Interpretive Summary: Wheat leaves from across the major wheat growing regions of Ohio were sampled to determine which fungal pathogens were the most common. Two pathogens, Stagonospora nodorum and Pyrenophora tritici-repentis were the most prevalent pathogens obtained. It was determined through statistical analysis that there was not an association of these two pathogens on wheat plants across the state. S. nodorum and P. tritici-repentis cause similar symptoms on wheat leaves, but cause different effects to yield loss. To determine the impact of each pathogen on yield loss across the state, experiments were conducted to learn more about the pathogens. One of these experiments was examining the aggressiveness of S. nodorum isolates from different regions of the state. The results of this experiment showed that the NE corner of the state has isolates that were less aggressive then the rest of the state. This could be explained by the fact that this region of the state is separated from the other regions by urban areas and has lower wheat production then the rest of the state. Another region of the state had more aggressive isolates then the rest of the state. This region has high wheat production and uses reduced tillage practices when planting wheat. These reduced tillage practices help the fungus to survive during the winter months and become established in the wheat crop earlier in the season. The experiment on P. tritici-repentis determined which races of the fungus were present in the different regions of the state. By knowing which races were present, researchers can breed the correct resistance into the wheat cultivars that farmers may plant.

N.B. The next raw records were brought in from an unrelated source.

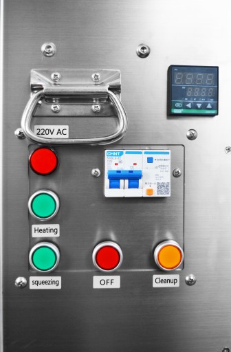 Powierzchnia maszyny wykonana jest z chromowanej stali nierdzewnej, zgodnej z wymogami higieniczno-sanitarnymi. Elementy, które mają kontakt z przetwarzanym materiałem zostały wykonane ze stali nierdzewnej 304 i 420.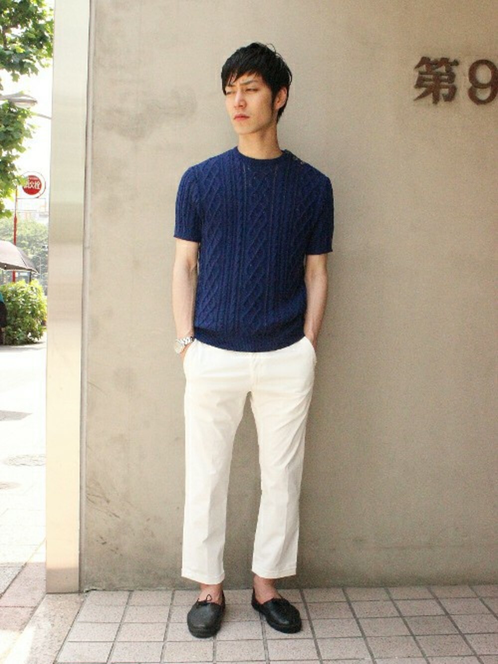 ブルー系のニット/セーターを着用したメンズの夏コーディネートの1枚目の写真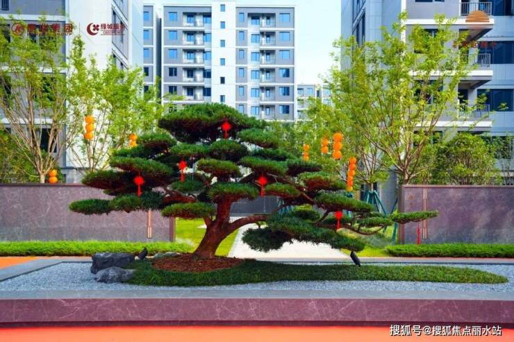 北大门处,罗汉松与朴树阵列形成迎宾仪仗,枝叶舒展间传递着"松鹤延年,家业长青"的美好祝福。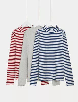 3pk Cotton Rich Striped Tops (6-16 Yrs)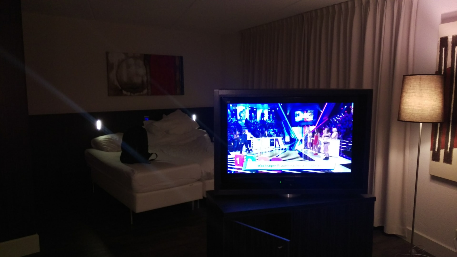 ZimmerDer TV war Drehbar. Wenn man Glück hatte konnte man RTL 15 Minuten sehen, danach gab es ständig Störungen und Empfangsabbrüche.

Technical Abstract: To determine the distribution of Stagonospora nodorum and Pyrenophora tritici-repentis on wheat in Ohio, flag leaves with lesions were collected from wheat producing counties in 2002 and 2003. Counties were arbitrarily grouped into seven regions. Log-linear analysis of pathogen presence within regions indicated that the presence of S. nodorum was independent of the presence of P. tritici-repentis. A logistic analysis revealed that the occurrence of both pathogens varied by regions in one or both years. The aggressiveness of S. nodorum isolates was determined by inoculating two susceptible genotypes with a sub-sample of isolates from each region from both years. S. nodorum isolates obtained from an isolated region with few wheat fields were less aggressive than those from other regions. Isolates obtained from one region surrounded by regions with high wheat production annually were significantly more aggressive than those obtained in the remaining five regions. Isolates from the five other regions did not differ significantly (P > 0.05) in aggressiveness. Races 1, 2, and a few race 3 isolates of P. tritici-repentis were detected in Ohio. The distribution of P. tritici-repentis races 1 and 2 were not associated with any region, although the prevalence of race 1 was three times greater than race 2. The rarer race 3 was associated with three dispersed regions.